[Your task] Produce a word-for-word copy of the listing below without its pictures.

[Recorded information]
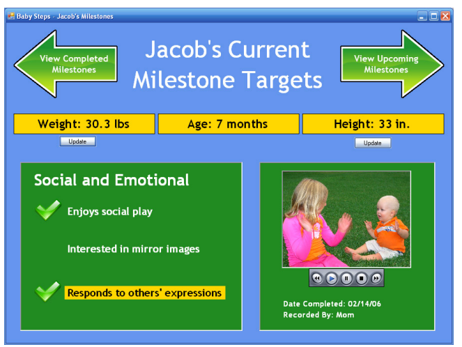
Figure 2: Sample screen shot of digital repository

milestone, rather than warning the parent about the potential of a disorder, it will alert them and add it to a list of questions they can print and bring to their pediatrician at their next scheduled visit.
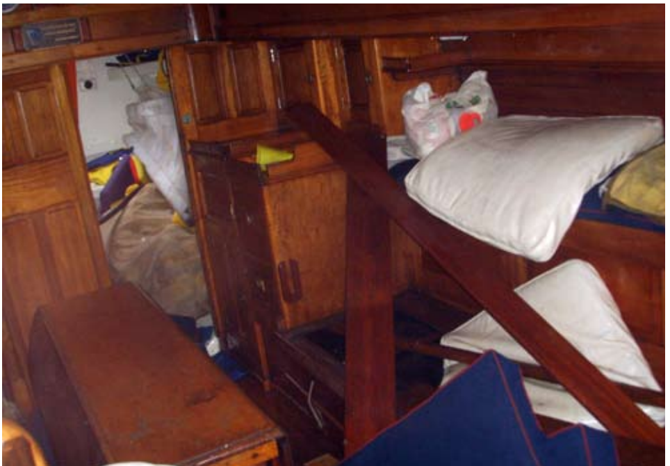
The slimy, foul-smelling chaos below (below)

[Answer to the exercise]
Figure 2: Sample screen shot of digital repository

milestone, rather than warning the parent about the potential of a disorder, it will alert them and add it to a list of questions they can print and bring to their pediatrician at their next scheduled visit.
The slimy, foul-smelling chaos below (below)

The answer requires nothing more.